В ту же минуту трансильванец затрясся в новом приступе кашля. Кашлял он глухо, упираясь подбородком в грудь, сутулясь, сотрясаясь всем телом. Увидев эту картину в зеркало, Уля Михай вдруг понял, что его минута пришла. Молниеносно смахнул он локтем лампу с комода, с силой толкнул Катушку на рыжего и в один прыжок очутился у задней двери. Дверь оказалась незапертой. Рывком распахнув ее, Уля бросился в темноту и выскочил по лестнице на двор в тот самый миг, когда над его головой рассыпалась сухой трелью автоматная очередь. Преследователи вынуждены были стрелять наугад, вслепую.
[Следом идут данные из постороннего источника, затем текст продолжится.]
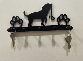 Chaveiro / Cabide de Trela - Dachshund ( cão salsicha). 4 suportes. Para pendurar chaves, trelas e outros pequenos objectos. O valor não está negociável.

Шальная пуля задела плечо Ули Михая, когда до обрыва оставалось не больше двух метров.

«Задели всё-таки сучьи дети», — подумал разведчик, скатываясь вниз по склону обрыва.

Достигнув дна глубокого оврага, он поднялся на ноги и побежал, но, убедившись, что за ним никто не гонится, остановился и стал выбираться наверх.

Мокрая земля тяжелыми комьями липла к ботинкам. Идти было трудно. Плечо болело, и Уля Михай с трудом преодолевал головокружение. Он боялся, что свалится, прежде чем доберется до штаба. Однако огромным усилием воли он заставил себя двигаться и благополучно добрался до центра деревни, где в одном из домиков располагался Второй отдел штаба дивизии.

Он ввалился в кабинет капитана Георгиу грязный, мокрый, окровавленный.

— Что с вами? Вы ранены?

— Господин капитан, подробности потомм, а сейчас срочно вызывайте командира полицейской роты.

Лицо капитана Георгиу залила краска возмущения.

— Я сам решу, кого и когда вызывать после того, как вы объясните мне, что произошло.

Разъяренный Уля Михай еле сдержал свое возмущение. «Черт бы побрал этого самодура», — выругался он про себя. И потом проговорил сквозь зубы:

— Господин капитан, я не хотел никому ничего приказывать. Просто необходимо выиграть время. Боюсь, что, пока я буду вам обо всем рассказывать, мы потеряем возможность принять необходимые меры.

Эти слова несколько отрезвили самовлюбленного капитана Георгиу. Он послал за лейтенантом Тымплару, позвонил врачу и потом снова обратился к Уле:

— Ну теперь-то, я думаю, вы введете меня в курс дела?

— Господин капитан, у меня было любовное приключение, которое могло очень плохо кончиться. Я не могу сейчас рассказывать подробно. Необходимо перекрыть все пути, ведущие из деревни. Никто не должен ни входить, ни выходить из деревни. Надо осмотреть все дома. Мы должны разыскать двух мужчин и одну женщину, приметы которых я опишу лейтенанту Тымплару. Хотя вполне вероятно, что они уже покинули деревню, надо будет попытаться их разыскать.

Капитан Георгиу, который снова помрачнел, пробормотал:

— Ладно, ладно. Я прикажу Тымплару. Я думаю, вы не стали бы настаивать на таких мерах, если бы дело шло о пустяках.